The improved programming instruction allows FWPs to dynamically correct current mappings from keys to values and compute adaptive learning rates. The crucial addition involves a delta rule-like update where each association can be selectively updated without affecting unrelated ones—an area where past approaches fell short. This method ensures that retrieval maintains orthogonal vector associations, preventing interference during memory access.

Experimental Validation

The authors conducted experiments on several synthetic tasks designed to measure the memory capacity and evaluate the effectiveness of the proposed memory update strategies. With tasks increasing in complexity, the results indicated the strengths of the new programming instruction, especially in scenarios where keys must be frequently updated to bind context-specific values.

In machine translation and LLMling tasks, the proposed methods showed improvements over existing linear attention mechanisms due to better handling of long-term dependencies facilitated by dynamic memory interactions.

Figure 2: Final evaluation loss of the softmax memory and various linear attention mechanisms on associative retrieval problems with the total number of unique associations ranging from 20 to 600. Each individual symbol is a model trained until convergence.

Figure 3: Learning curves for different update rules.
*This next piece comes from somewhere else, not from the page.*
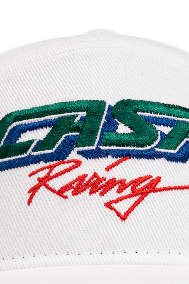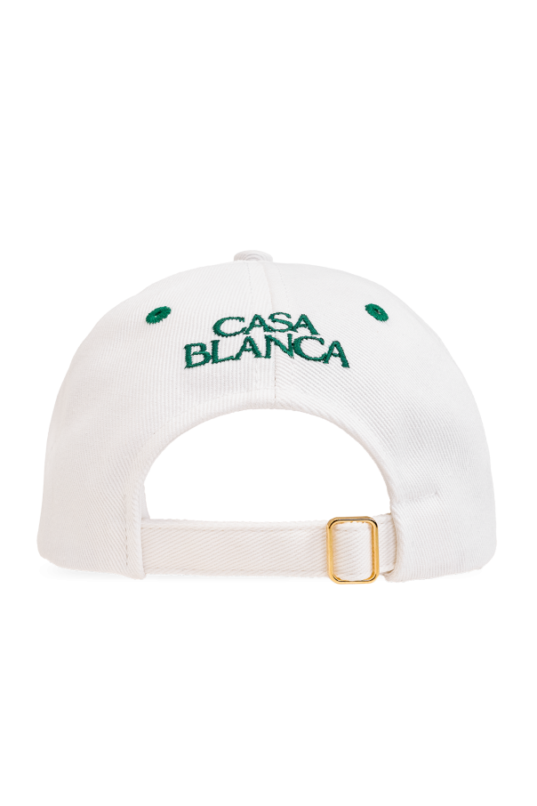 White baseball cap from Casablanca. Made of cotton, this item features a multicolored logo and an adjustable buckle strap at the back.

Sequence length of 40 and 20 unique keys/values sampled with replacement.

Linear Attention Kernel Design

The paper introduces Deterministic Parameter-Free Projection (DPFP), a new kernel for linear attention. DPFP aims for simplicity while increasing the dot product space, mitigating the memory limitations of previous linearisation techniques. DPFP is deterministic and scalable, contrasting with the complex stochastic approaches of alternative methods like FAVOR+.

Conclusion

The paper underscores the relationship between linear attention mechanisms in Transformers and FWPs, providing insights into overcoming existing limitations through novel memory programming instructions and attention mechanisms. The research lays the groundwork for further exploration of improved programming strategies, aiming at enhancing the efficiency and capabilities of Transformers in processing sequences with longer contexts without the need for extensive memory overhead. Future work may explore extensions to this framework, enabling robust operation beyond the constraints imposed by current implementations.